Recently at a meeting an old timer was talking to a newcomer. The old timer said to the newcomer, “do you know what the difference is between us”? The newcomer seemed a little perplexed by the question. As far as he was concerned there were many differences between the two. The old timer quickly followed up his question with the following response. “The only difference between you and me is that you believe that your thoughts are true”.
This is actually a profound insight on the part of the old timer. When people first come into the program their minds are in a state of confusion. They have lived in denial for years about their dependence on their drug of choice. This denial also extends to how it has affected them personally as well as it’s effect on family, friends and co-workers.
Newcomers also find that they are often in a constant state of fear. On a daily basis they ruminate about the future. These future projections rarely have a positive ending in their rumination process.,The doctor needs to send them for more tests, so they think they are dying. The boss asks to see them, so they will walk round for days thinking they are going to be fired.
In the program we make efforts to be in the here and now. If we start to obsess about the future, we stop because we know that we have allowed fear to kidnap our serenity.
Personal Reflection: Do I believe my fearful thoughts?
Like many a newcomer we had called our sponsor full of complaints about how all the people in our life had wronged us. After listening to us for a few minutes our sponsor cut us off. He or she directed us to get a piece of paper and a pen and then get back on the call. We dutifully complied thinking that we were going to have an opportunity to blast everyone in our life who had angered or disappointed us recently. We would probably have to go to the post office to get a roll of stamps for all of the letters we would be writing to all those who had wronged us. However, when we got back on the phone, the conversation took a distinct turn. No, our sponsor wasn’t interested in our grievances. Rather, he or she asked us to write a gratitude list. At first we thought this was a bit strange. Why should we write down our gratitudes when we were full of upset about others. What we found that as we wrote down our gratitudes a lot of our feelings of upset dissipated. We realized that we had a lot to be grateful for. As we gained some time many of us have made this a daily practice where we write down a few gratitudes as part of our daily journaling regimen.
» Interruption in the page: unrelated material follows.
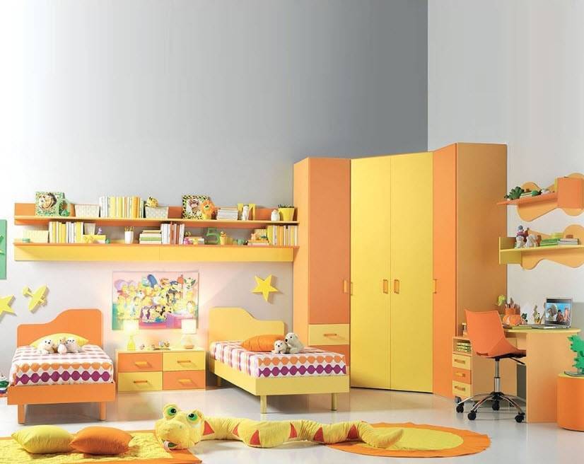 Желтый и оранжевый – это цвета детских спален. Солнечное настроение и заряд бодрости обеспечен. От этих цветов предметы зрительно увеличиваются. Их очень часто используют для изготовления мебели для детей.

Personal Reflection: What am I grateful for right now?
At the end of a meeting you will often see someone who is coming into the rooms for the first time. You can almost sense their discomfort. Perhaps a lot of what they heard at the meeting was confusing. They might have been shocked to hear people speak about their feelings so openly and honestly. Many of them are grappling with coming to terms about their own addiction. Most likely they are in denial about that addiction. You can almost see them grimace at the mention of the word addict or alcoholic.
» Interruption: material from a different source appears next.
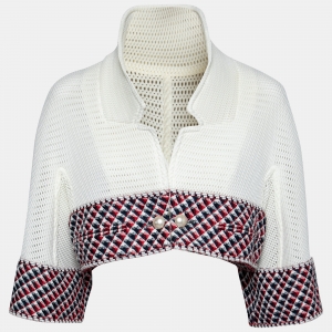 Chanel Cream Perforated Mesh Sequined Tweed Trim Chunky Cropped Jacket L

Almost all of us can identify with this moment because at one time that newcomer was us. So how did we evolve to being actively engaged in our program? As long as we came back after that first meeting; we discovered that we had found a home in AA, NA, OA or whatever program(s) we were involved with. We usually decided to come back because we identified with something someone spoke about. Many a newcomer has said, “as I was listening to you, I felt that you were telling my story”. There is a place in the program for anyone who is struggling with addiction. All you have to do is claim your seat.
Personal Reflection: How did I recognize my seat?